Зарплата у меня был 140 рублей в месяц, правда, завод почти всегда перевыполнял план и мы получали премии. И тем не менее основную тяжесть по зарабатыванию денег в семью в то время несла на себе Варюша.
Она не только занималась практической работой в психиатрической клинике и преподавала в мединституте (ее, кстати, теперь очень уважал ректор института профессор Вартаган), но и работала над докторской диссертаций. Тему не назову: в медицине вообще терминология сплошь и рядом невразумительная, а уж в психиатрии…
Защищала диссертацию она в Москве, на Ученом Совете 2-го медицинского института, и после защиты прямо на традиционном банкете получила предложение перебраться в Москву и возглавить кафедру «во Втором меде».
Варя обещала подумать. В тот момент нашей Маше было пятнадцать, а Мише – чуть больше пяти лет. И вот с Мишкой сидели по очереди я, Маша, Юлька и тетя Ира – сестра Вариного папы.
Мне все нравилось в то время в нашей семье и в нашей квартире.
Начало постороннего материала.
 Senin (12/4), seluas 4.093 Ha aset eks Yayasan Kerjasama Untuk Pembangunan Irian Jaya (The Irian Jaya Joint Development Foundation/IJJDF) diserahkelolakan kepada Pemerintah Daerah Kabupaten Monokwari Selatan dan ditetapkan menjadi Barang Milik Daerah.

У нас было всегда идеально чисто, в доме царила тишина. Наши дети знали общезаведенный порядок и играли между собой тоже тихо.
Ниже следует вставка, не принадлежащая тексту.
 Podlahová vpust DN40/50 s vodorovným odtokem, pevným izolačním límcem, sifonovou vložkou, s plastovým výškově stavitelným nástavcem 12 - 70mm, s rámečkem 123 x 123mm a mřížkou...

Нет, но если заявлялась к нам в гости профессор Чудновская – тогда все летело кувырком, начинались визги, возгласы с одной стороны – и сюсюканье с другой. И скажу честно – я пресечь это безобразие сам был не в силах. Ну, а Варя – она это делала с легкостью, и наводила «железной рукой» порядок безжалостно.
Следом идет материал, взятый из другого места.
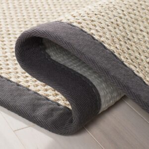 SAFAVIEH Natural Fiber NF143D Marble / Dark Grey Rug Embrace the tranquility of this richly textured rug from SAFAVIEH’s Natural Fiber Collection. Featuring tightly woven sisal fibers with a linen border, this rug gives any room a sleek well-defined look. Perfect for numerous types of decor, such as transitional, contemporary, coastal, and farmhouse, this rug can be seamlessly integrated into any home due to its neutral colors. Rug has an approximate thickness of 0.25 inches.

Но я начал говорить о нашей квартире.
У нас не было лишних вещей. Ни одной! Варе, конечно, дарилось масса подарков: и больными, и студентами. И единственное, перед чем не могла устоять Рукавишникова – это сладости и косметика.
Все остальное передавалось Юльке, та тут же переправляла предметы в Москву, маме, которая, во-первых, сама любила различные безделушки, во-вторых, круг семьи Чудновских в Москве был настолько широк, что Варины подарки не залеживались – они передаривались, причем очень нравились москвичам – это ведь чаще всего были резные деревянные бочонки с алтайским медом, флаконы с мумие и настойками «золотого корня» и пантокрина, наконец – знаменитое облепиховое масло, до которого москвичи в 80-х годах были очень охочи…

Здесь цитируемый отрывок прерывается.